In this paper, the description of the universal structure of the system is given, with broader explanations of its relations, labeling of words and relations, and the inference capability. The fully developed version of the system – Russian – is described in some detail, as well as some peculiarities of underdeveloped English and Spanish versions. Examples are mainly given in English.
Structure of the system
The structure of the system under investigation is a set of many-to-many relations upon a general lexicon. The types of relations are chosen in such a way that they cover the majority of relations between words and do not depend on the specific language, at least for major European languages.
Textual relations link words of different parts of speech, as it is shown in Fig. 1. Four main parts of speech are considered, i.e., nouns N, verbs V, adjectives Adj, and adverbs Adv, in their syntactic roles.

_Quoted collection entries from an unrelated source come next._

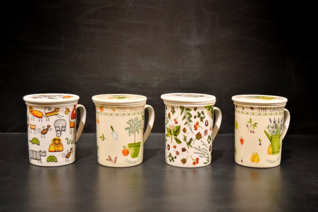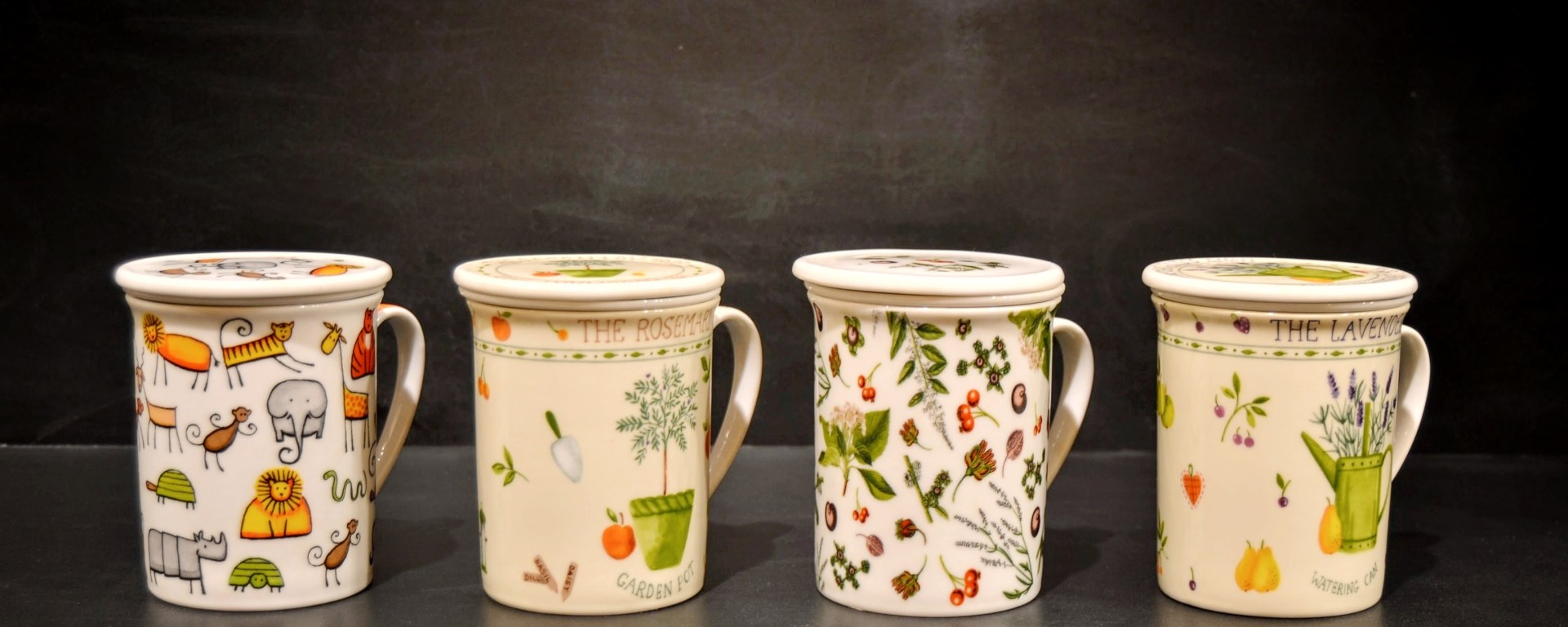 Tisaniera in porcellana (350 cc) con filtro incorporato. Disponibile in 5 fantasie diverse.
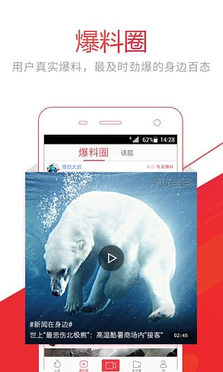 视频头条是原快播团队最新开发的一款网络热门视频播放应用,以短视频为主,主打头条资讯。涵盖性感美女、社会新闻、娱乐八卦、奇趣搞笑、最新科技等领域;承继成熟的搜索技术,聚合优酷、土豆等多家视频资源;应用巧妙的推荐技术,智能分析你的兴趣爱好,精准推荐;更贴心提供Wifi离线下载,免流量观看,无缝连接家到公司的时间,是必备的口袋资讯产品。【软件特点】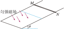 7. 如图所示,与水平面夹角为θ的绝缘斜面上固定有光滑U型金属导轨。质量为m、电阻不可忽略的导体杆MN沿导轨向下运动,以大小为v的速度进入方向垂直于导轨平面向下的匀强磁场区域,在磁场中运动一段时间t后,速度大小变为2v。运动过程中杆与导轨垂直并接触良好,导轨的电阻忽略不计,重力加速度为g。杆在磁场中运动的此段时间内( )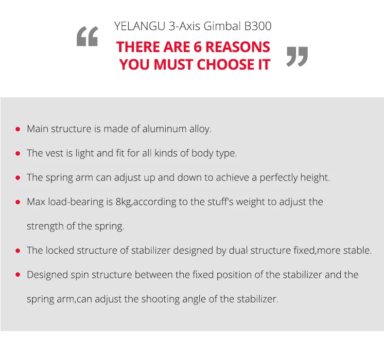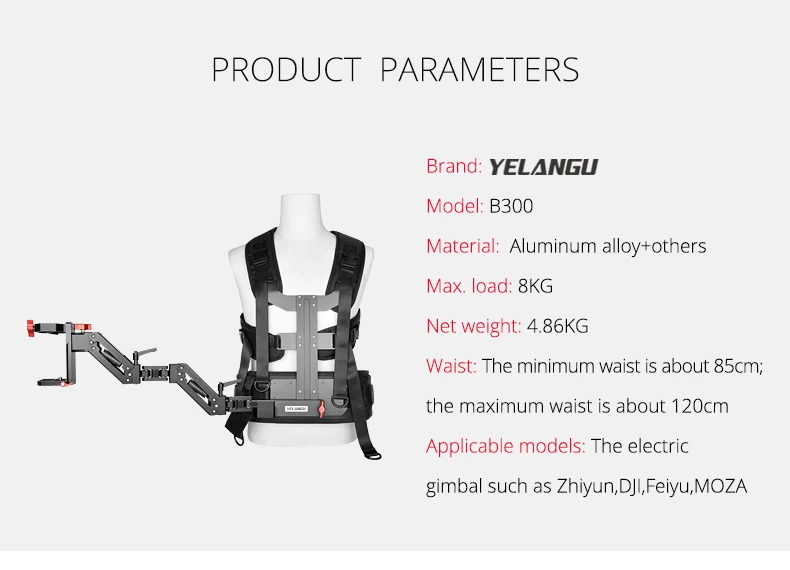 YELANGU B300 DSLR трехосевой гироскоп пружинный двойной держатель для фотосъемки амортизирующий жилет для камеры Aaccessories стабилизатор

The syntactic role of an adjective or an adverb can be played by a prepositional group as well, e.g., man ® (from the South) or speak ® (at random). Each arrow in Fig. 1 represents an oriented syntactic link corresponding to dependency approach in syntax. It is possible to retrieve such relations from the side of both ruling and dependent word, i.e. moving along the oriented dependency chain or against it.
A syntactic relation between two words can be realized in a text through a preposition in between, a special grammatical case of noun (e.g., in Slavonic languages), a specific finite form of verb, a word order of linked words, or a combination of any these ways. All these features are reflected in the system entries. Since nouns in different grammatical numbers can correspond to different sets of collocations, the sets are to be included into the system dictionary separately.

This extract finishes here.